*** Data in this exercise ***

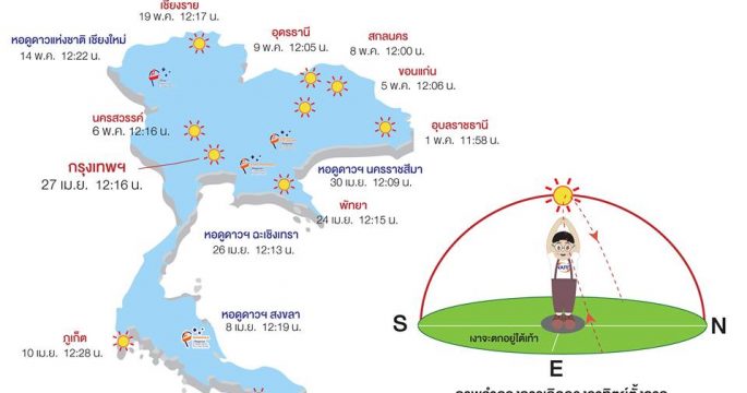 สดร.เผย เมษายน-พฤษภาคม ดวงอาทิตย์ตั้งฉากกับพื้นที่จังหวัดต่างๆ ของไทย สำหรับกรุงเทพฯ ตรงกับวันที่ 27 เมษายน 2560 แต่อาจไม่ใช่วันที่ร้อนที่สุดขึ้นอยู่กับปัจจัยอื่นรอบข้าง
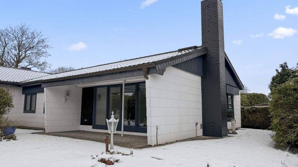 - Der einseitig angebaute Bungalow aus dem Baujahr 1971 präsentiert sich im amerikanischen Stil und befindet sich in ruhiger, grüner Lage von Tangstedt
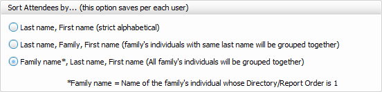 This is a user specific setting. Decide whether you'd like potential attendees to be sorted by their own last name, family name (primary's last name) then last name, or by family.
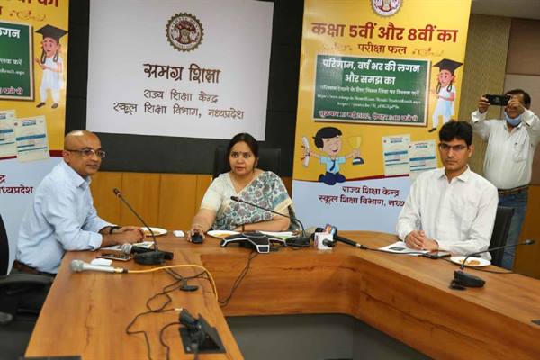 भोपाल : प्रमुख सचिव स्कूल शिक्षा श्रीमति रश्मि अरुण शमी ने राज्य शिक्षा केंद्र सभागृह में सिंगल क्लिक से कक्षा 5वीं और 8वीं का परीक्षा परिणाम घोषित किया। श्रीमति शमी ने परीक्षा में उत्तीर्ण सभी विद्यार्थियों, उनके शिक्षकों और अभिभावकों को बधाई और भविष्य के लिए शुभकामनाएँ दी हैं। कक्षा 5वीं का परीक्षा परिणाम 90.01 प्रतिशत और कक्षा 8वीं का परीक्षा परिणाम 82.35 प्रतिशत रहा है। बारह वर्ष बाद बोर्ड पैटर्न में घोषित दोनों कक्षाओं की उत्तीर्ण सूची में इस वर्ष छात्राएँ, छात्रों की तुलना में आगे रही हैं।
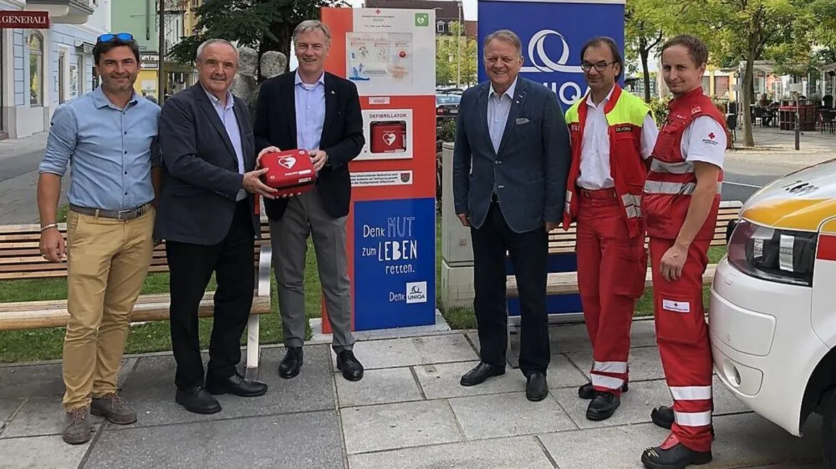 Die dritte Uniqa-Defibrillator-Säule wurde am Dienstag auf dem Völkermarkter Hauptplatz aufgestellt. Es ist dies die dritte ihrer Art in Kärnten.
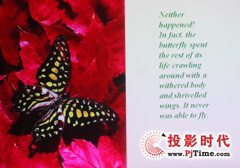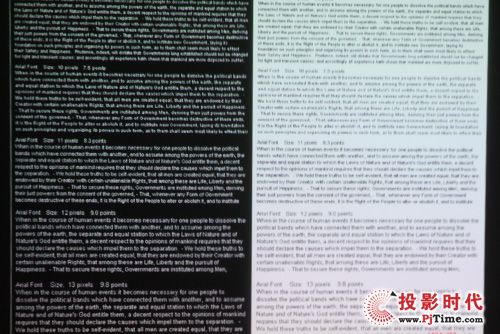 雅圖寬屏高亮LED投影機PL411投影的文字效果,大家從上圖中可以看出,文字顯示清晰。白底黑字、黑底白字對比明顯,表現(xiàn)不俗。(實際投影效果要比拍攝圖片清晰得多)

***

_What you have to do:_ Although pictures appear among the records above, write out exactly only the lines from the one that has "- Der einseitig" through the one that has "This is a user", and leave the pictures out.

_Result of the task:_
 - Der einseitig angebaute Bungalow aus dem Baujahr 1971 präsentiert sich im amerikanischen Stil und befindet sich in ruhiger, grüner Lage von Tangstedt
 This is a user specific setting. Decide whether you'd like potential attendees to be sorted by their own last name, family name (primary's last name) then last name, or by family.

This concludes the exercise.